Golden Time

March 14, 2024 · 0 comments

By Zoe Crombie.

Banri Tada is a bright young student at a private law school who has just finished convalescing from a fall he experienced after his high school graduation that left him with no memory of his life or relationships from before that moment. Fortunately, he finds a friend in fellow first-year student Mitsuo Yanagisawa, and starts to uncover elements of his past as he continues his studies. In true romantic comedy fashion, he also finds himself involved with the intimidatingly beautiful Koko Kaga and mysterious second-year student Linda, who each grow close to our perpetually confused protagonist. As Banri’s memories re-emerge, these new relationships (that may, in fact, be older than he realises) become more complex, and he has to reconcile the events of his past with the possibilities of his future while navigating university and deciding on the kind of person he wants to become.

Amnesia is an oft-denigrated plot device that nonetheless can be used to great effect – particularly in stories that aren’t taking themselves too seriously.
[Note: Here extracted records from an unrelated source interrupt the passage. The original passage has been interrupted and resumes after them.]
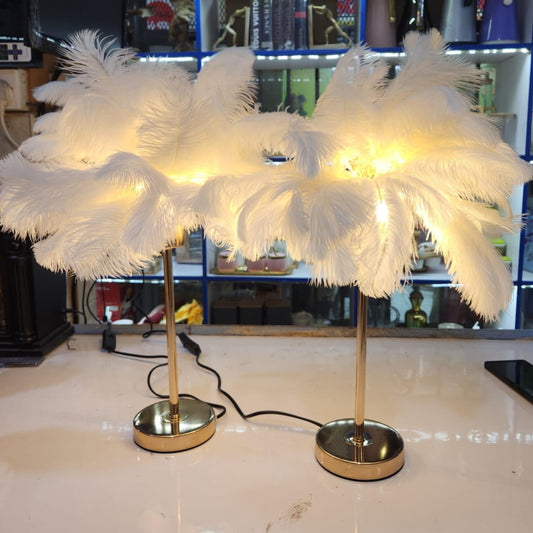Description This interior lighting accessory features a lush canopy of white feathers that gently diffuses light to create a warm and inviting atmosphere. The slender support rod and circular base are finished in a bright gold tone to provide a stable foundation on any flat surface. An integrated LED light...
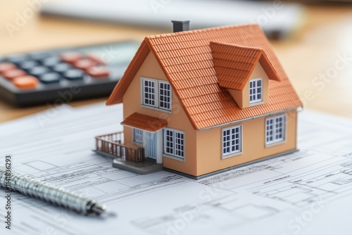 Housing loan concept, Model house on the table and people prepare the document and calculate lease finance as background, Generative AI
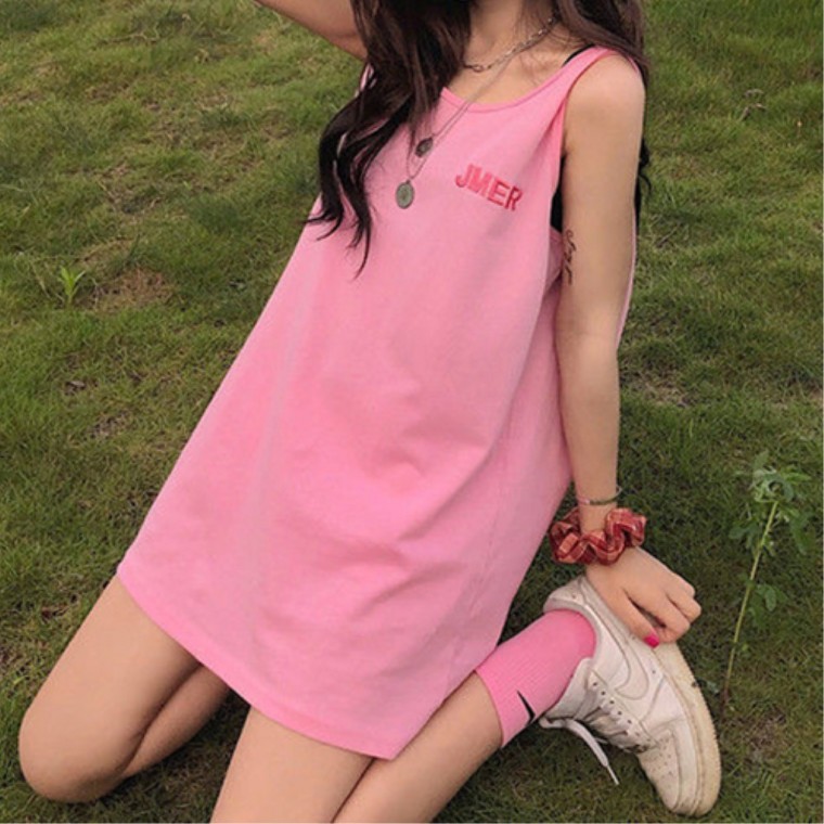 박스티 롱티 일상 코디 룩 루즈핏 민소매 오버핏 나시 롱 티셔츠
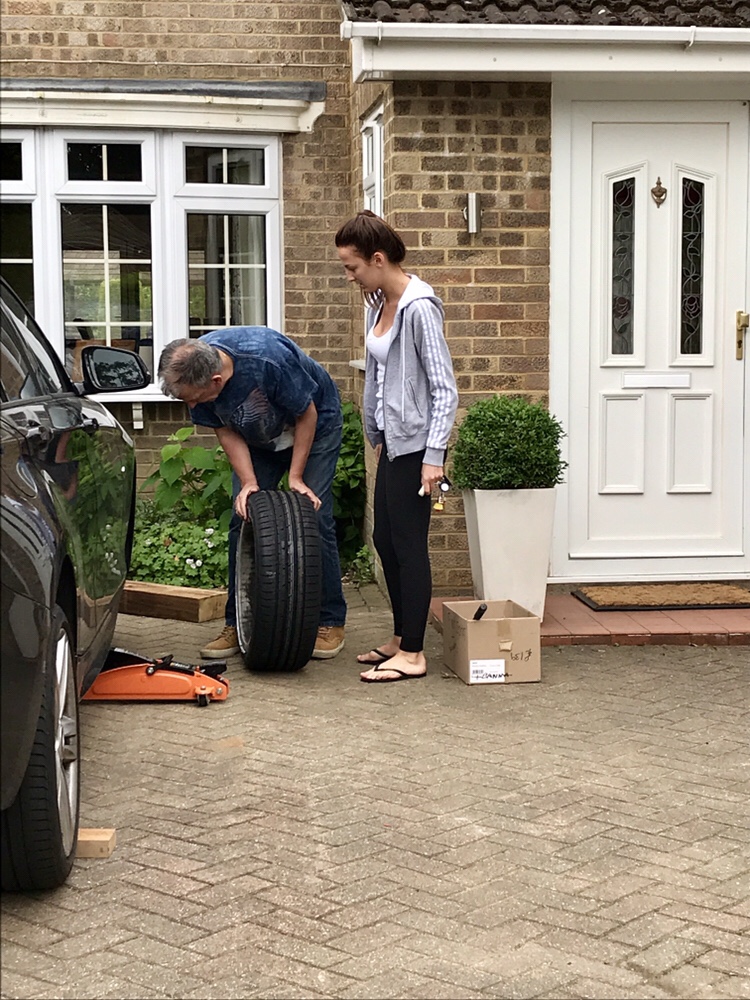 Georgina said she would fill with air, so after a tea we said more goodbyes and not long into the journey, quite clearly something was wrong with the tyre!

Golden Time definitely falls into this camp, as a romantic comedy that’s more about balancing potential love interests than uncovering some convoluted conspiracy. Though the amnesia element of the show does provide a level of intrigue, it’s watching the relationships unfold between characters that’s the real glue holding Golden Time together.

Golden Time is based on a series of light novels which were adapted into a manga shortly after. The series was created by Yuyuko Takemiya, who you might also know from the highly successful series Toradora!, another romantic comedy with a focus on budding relationships and love triangles. However, Golden Time differs in its more intense plot and confrontation of various social issues, bringing more drama to the slice of life format that Toradora! thrived in. But this doesn’t mean the anime is all doom and gloom – in fact, it may be a little too saccharine for some, as evidenced by its candy-coloured opening sequences and their bubble-gum-flavoured backing tracks.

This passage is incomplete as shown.